Welcome to the Disha Chatbot GitHub repository! This project is an innovative solution designed to streamline the user experience for navigating the IIIT Nagpur website. Built with cutting-edge Machine Learning (ML), Natural Language Processing (NLP), and Large Language Models (LLMs), Disha provides instant, user-friendly responses to a variety of queries.
- Enables natural and intuitive conversations.
- Provides accurate and contextual answers to queries about IIIT Nagpur.
- Extracts text and images from IIIT Nagpur’s website using OCR.
- Structures data into a comprehensive JSON format for training.
- Combines fine-tuned LLMs and Retrieval-Augmented Generation (RAG) for precise answers.
- Responses are verified for maximum reliability.
- Measures output quality using BLEU, ROUGE-L, Semantic Similarity, and Human Score metrics.

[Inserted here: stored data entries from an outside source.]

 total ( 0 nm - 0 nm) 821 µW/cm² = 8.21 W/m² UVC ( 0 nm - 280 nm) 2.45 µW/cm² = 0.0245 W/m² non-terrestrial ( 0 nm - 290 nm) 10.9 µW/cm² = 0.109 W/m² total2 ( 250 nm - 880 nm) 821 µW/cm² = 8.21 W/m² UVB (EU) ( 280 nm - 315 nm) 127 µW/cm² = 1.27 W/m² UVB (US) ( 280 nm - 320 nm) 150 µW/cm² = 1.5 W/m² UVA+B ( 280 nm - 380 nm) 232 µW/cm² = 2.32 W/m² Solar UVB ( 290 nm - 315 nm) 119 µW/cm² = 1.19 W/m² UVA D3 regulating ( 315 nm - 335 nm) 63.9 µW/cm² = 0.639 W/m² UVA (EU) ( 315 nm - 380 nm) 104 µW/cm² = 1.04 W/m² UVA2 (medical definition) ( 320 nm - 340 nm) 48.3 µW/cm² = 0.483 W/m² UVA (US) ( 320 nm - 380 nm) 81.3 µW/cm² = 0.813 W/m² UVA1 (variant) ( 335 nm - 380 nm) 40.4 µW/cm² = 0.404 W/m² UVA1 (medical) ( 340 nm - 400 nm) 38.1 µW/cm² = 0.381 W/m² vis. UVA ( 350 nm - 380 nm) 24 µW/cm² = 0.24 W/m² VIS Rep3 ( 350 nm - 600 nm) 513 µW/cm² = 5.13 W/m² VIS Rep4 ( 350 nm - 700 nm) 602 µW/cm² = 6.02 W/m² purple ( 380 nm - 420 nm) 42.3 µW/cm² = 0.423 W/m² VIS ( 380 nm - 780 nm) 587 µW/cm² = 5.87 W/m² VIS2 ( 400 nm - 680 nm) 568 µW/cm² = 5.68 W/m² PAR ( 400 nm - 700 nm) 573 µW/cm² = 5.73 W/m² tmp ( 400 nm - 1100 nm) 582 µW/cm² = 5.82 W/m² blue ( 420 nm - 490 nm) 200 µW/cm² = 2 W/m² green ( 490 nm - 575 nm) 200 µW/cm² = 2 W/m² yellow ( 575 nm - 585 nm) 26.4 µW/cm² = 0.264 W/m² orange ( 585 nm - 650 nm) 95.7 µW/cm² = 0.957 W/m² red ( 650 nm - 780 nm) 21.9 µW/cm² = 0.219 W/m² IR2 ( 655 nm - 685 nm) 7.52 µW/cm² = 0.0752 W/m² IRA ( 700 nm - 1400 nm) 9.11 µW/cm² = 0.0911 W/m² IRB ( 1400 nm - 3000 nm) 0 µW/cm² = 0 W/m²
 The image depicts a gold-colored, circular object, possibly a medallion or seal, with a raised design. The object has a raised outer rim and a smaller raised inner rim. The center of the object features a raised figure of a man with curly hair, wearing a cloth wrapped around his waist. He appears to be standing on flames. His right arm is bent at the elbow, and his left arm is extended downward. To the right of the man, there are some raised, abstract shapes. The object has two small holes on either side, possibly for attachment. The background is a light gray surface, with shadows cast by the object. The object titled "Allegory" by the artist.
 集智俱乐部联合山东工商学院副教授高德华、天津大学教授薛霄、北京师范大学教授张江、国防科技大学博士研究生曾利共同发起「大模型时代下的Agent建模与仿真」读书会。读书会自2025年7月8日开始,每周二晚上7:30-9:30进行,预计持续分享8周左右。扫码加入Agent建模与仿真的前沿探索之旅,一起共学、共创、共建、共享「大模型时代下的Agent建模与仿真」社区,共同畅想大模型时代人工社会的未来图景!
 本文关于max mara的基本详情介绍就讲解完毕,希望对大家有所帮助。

- LLaMA-3.2-1B: Fine-tuned with rank values R-8, R-16, R-32, and Phi-3.5.
- Phi-3.5-mini
- PEFT Techniques: Efficient fine-tuning with LoRA and QLoRA.

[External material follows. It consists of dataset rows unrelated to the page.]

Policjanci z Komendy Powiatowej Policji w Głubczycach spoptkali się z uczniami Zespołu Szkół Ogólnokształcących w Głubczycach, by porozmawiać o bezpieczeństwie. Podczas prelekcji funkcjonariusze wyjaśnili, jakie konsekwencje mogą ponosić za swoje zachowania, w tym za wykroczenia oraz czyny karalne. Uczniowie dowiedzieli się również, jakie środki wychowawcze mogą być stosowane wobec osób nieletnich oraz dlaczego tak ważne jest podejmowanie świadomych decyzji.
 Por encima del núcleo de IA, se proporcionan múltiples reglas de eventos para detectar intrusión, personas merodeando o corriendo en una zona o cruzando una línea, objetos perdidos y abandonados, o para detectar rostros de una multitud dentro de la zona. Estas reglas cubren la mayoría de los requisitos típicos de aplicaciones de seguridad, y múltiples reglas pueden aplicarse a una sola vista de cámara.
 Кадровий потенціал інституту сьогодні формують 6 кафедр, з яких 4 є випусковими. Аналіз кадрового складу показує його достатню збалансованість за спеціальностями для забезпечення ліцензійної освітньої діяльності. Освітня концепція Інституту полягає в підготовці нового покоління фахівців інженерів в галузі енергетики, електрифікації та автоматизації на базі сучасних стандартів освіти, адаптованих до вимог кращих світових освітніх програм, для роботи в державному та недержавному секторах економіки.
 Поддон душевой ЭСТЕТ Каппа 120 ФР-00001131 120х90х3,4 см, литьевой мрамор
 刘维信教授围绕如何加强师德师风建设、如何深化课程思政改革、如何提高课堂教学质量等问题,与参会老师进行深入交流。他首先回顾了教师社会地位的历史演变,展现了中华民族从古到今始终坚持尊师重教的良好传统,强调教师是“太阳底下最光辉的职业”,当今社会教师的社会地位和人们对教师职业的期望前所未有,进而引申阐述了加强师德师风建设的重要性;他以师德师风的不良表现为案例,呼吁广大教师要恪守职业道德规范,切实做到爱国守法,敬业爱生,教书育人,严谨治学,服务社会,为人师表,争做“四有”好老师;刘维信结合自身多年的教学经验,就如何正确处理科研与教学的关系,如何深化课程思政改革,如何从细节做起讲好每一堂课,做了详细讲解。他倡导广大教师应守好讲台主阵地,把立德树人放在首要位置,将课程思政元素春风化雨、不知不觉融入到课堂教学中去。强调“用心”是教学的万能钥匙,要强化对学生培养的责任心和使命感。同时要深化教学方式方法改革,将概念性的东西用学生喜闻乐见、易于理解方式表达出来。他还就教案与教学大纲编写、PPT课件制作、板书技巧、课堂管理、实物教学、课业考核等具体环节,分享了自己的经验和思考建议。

- Retrieves accurate, contextually relevant data from external databases.
- Utilizes:
- Pinecone: Vector database for optimized search and retrieval.

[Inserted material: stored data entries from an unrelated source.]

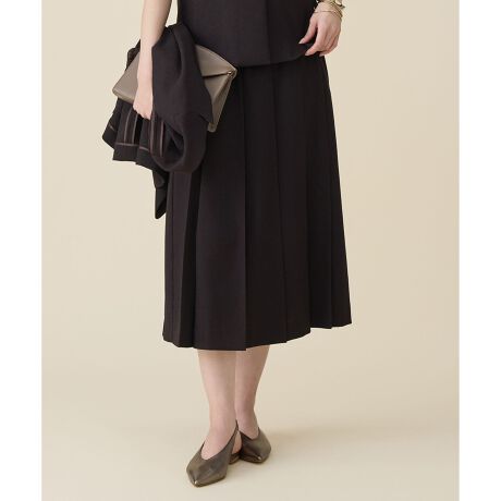 通勤にも頼れるプリーツ見えタックスカート■デザインプリーツのように見えるタックデザインが印象的なタックスカートです。プリーツ加工ではなく、タックの奥を一本ずつ裏側で縫い留めることで、プリーツのような立体感と美しいラインをキープしたAラインシルエットに仕上げています。歩くたびにタックがふんわりと広がり、上品でありながらシャープな佇まいを演出します。ウエストは総ゴム仕様で、きちんと感がありながらも快適な着心地です。ブラウスはもちろん、カットソーとも好相性で通勤シーンをはじめ、オンオフ問わず着用いただけます。■素材麻見えを意識して作られた合成繊維素材です。スラブ調の糸を使用して表面に凹凸感を出し、よりナチュラルな天然素材の表情を実現しています。ストレッチ入りで着心地が良く、さらりとしたタッチと軽さ、通気性が特徴です。シワが目立ちにくく、キレイ見えし、接触冷感機能付きなのもポイントです。■同素材ノースリーブブラウス(BLWRLS0306)ショートジャケット(JKWRLS0307)テーラードジャケット(JKWRLS0306)ワイドストレートパンツ(PRWRGM0302)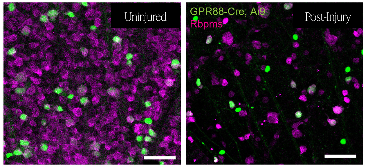 With the identities of the GPR88-expressing RGCs in hand, Hall and colleagues sought to characterize how well each of these 5 RGC types survived following injury to the optic nerve.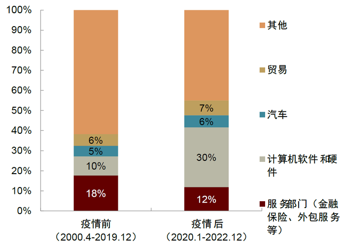 图表13:疫情前后印度吸收FDI流量行业结构对比
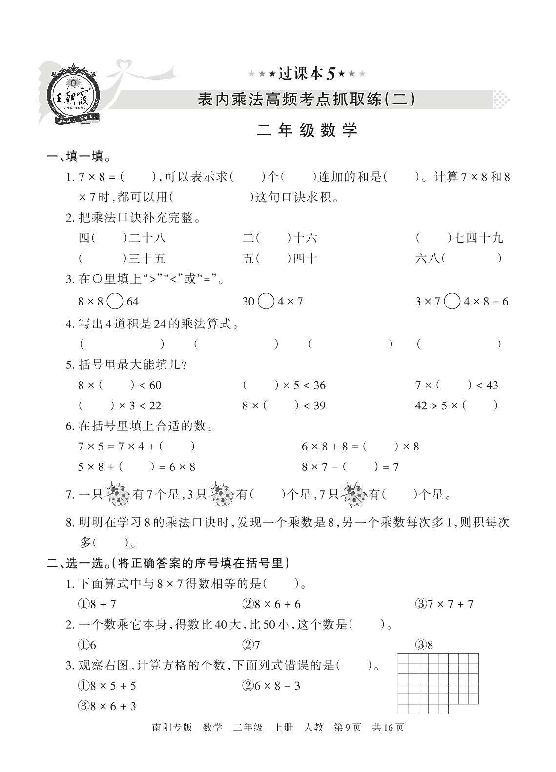 王朝霞期末过课本——表内乘法高频考点抓取练(二)二年级上册数学(人教版)_R211225091203798【5】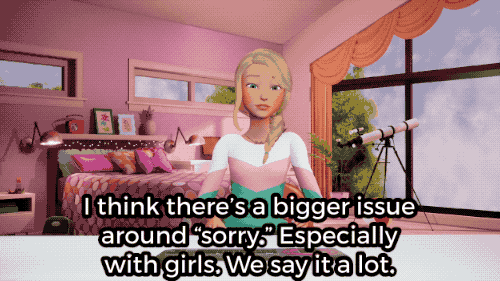 Do you find yourself apologizing when you didn't do anything wrong? If somebody bumps into you, do you ever find yourself reflexively responding, "Sorry?" Or have you ever apologized for a normal reaction to something that made you happy, sad, or excited? That's what Barbie talks about in this video.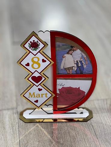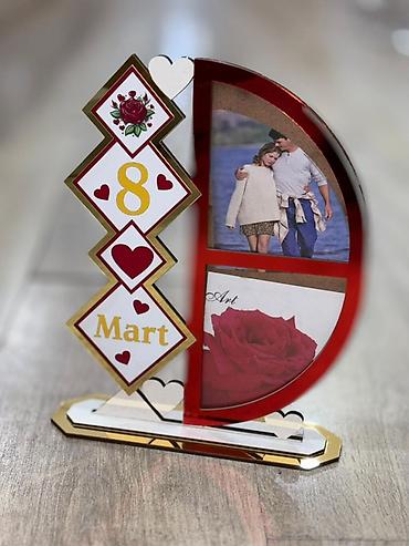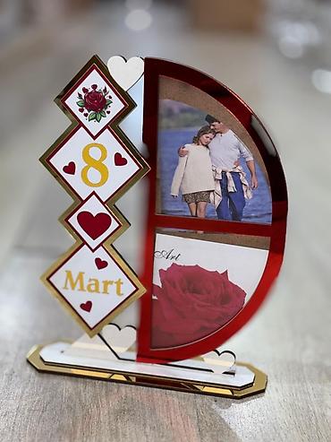 - Dizayn: Ürək və romb elementləri ilə bəzədilmiş, “8 Mart” yazılı kompozisiya. Qırmızı, qızılı və ağ rənglərin kombinasiyası, parlaq akril səthlər və güllü motivlər.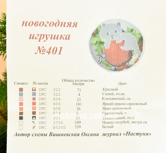 В комплекте с игрушкой идет ключ с рекомендацией по подбору бисера и ниток.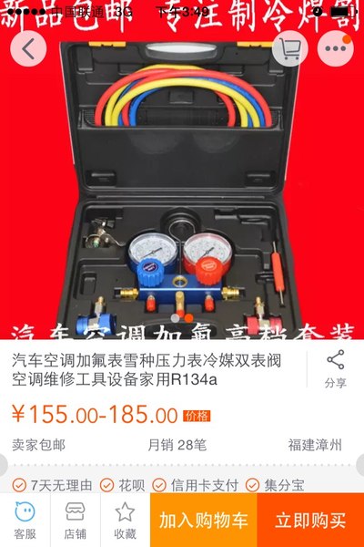 哦,这个。这个压塑机是我同学的。当时我跟他去买的。接头嘛,是家用空调的管截的。以前的汽车空调也用这种接头,之前的车加的雪种不是R134a,加的是普通R22雪种。就用这种接头。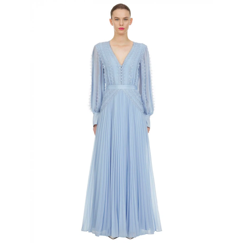 Blue Chiffon Lace Trim Maxi Dress, €418 from Self Portrait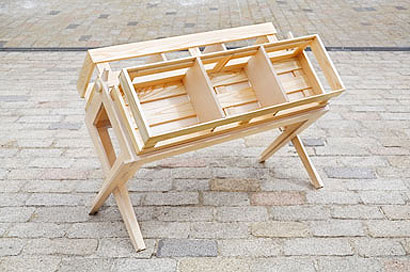 Fotis Evans London Metropolitan University, BA Furniture & Product Design Somerset House bookstall System Fotis Evans won a competition to design a flexible bookstall for Somerset House last year, but when Somerset House didn’t invest in making the prototype a full-scale model, he decided to go it alone. It’s a flexible system inspired by bookstalls and flea markets and, we think, the Isokon Penguin Donkey. The construction is simple: a collapsible table that can be folded flat and two bookcases that can either rest on the table in two different positions or stand alone as small bookcases.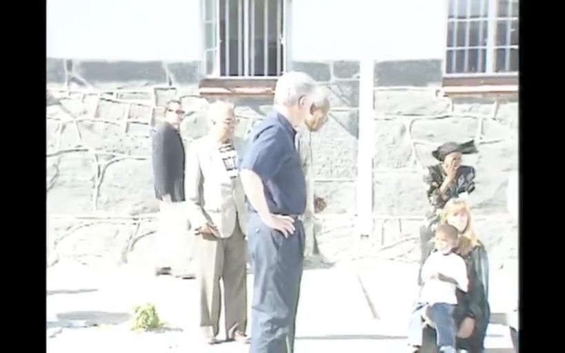 | Keywords: Clintons and Mandelas with children A.png en After Nelson Mandela gave the Clintons a tour of his former prison cell at Robben Island the group was met outside by a group of children who serenaded them 1998-03-27 Clinton Presidential Library https //www youtube com/watch v ndPrtbWCwVM White House Television crew other versions PD-USGov Robben Island Bill Clinton and Nelson Mandela Bill Clinton in 1998 | ||||
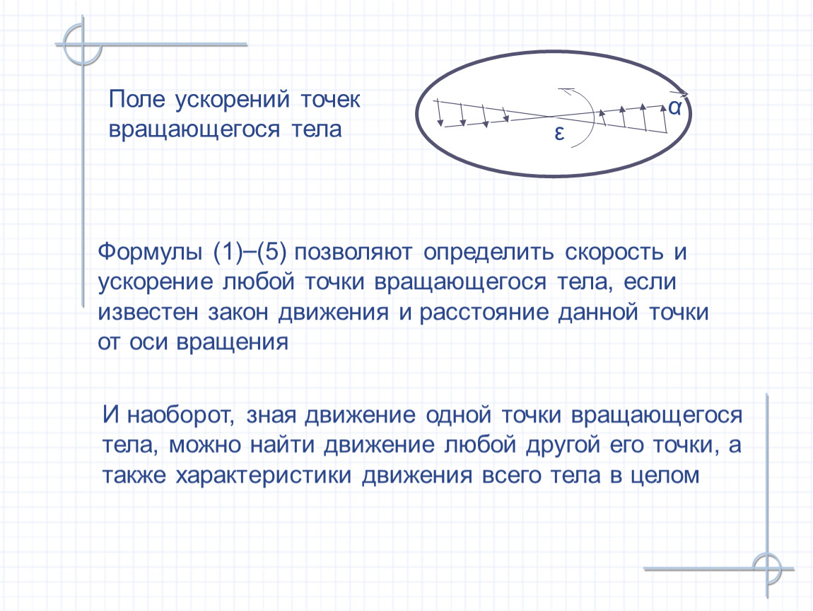 Формулы (1)–(5) позволяют определить скорость и ускорение любой точки вращающегося тела, если известен закон движения и расстояние данной точки от оси вращения

- LangChain: For seamless data pipelines.
- Google Gemini API: Provides accurate, summarized answers.
Model | BLEU | ROUGE-L | Semantic Similarity | Human Evaluation | Trained Parameters |
---|---|---|---|---|---|
LLAMA-3.2-1b (R=8) | 0.925700 | 0.964550 | 0.998106 | 0.934744 | 12,156,928 |
LLAMA-3.2-1b (R=16) | 0.925950 | 0.964757 | 0.998106 | 0.942012 | 24,313,856 |
LLAMA-3.2-1b (R=32) | 0.924404 | 0.963656 | 0.998096 | 0.946338 | 48,627,712 |
Phi 3.5 Mini | 0.785048 | 0.886750 | 0.998205 | 0.852504 | 29,884,416 |
RAG | 0.964902 | 0.996087 | 0.995800 | 0.967379 | 0 |
- Integrates RAG and fine-tuned LLMs for robust performance.
- Ensures all critical details are included in responses.
- Delivers user-friendly, conversational interactions.
- Expand language support beyond Hindi and English.
- Enhance scalability for larger datasets and more complex queries.
- Integrate additional evaluation metrics to improve accuracy.
Feel free to fork, contribute, and enhance Disha for broader applications!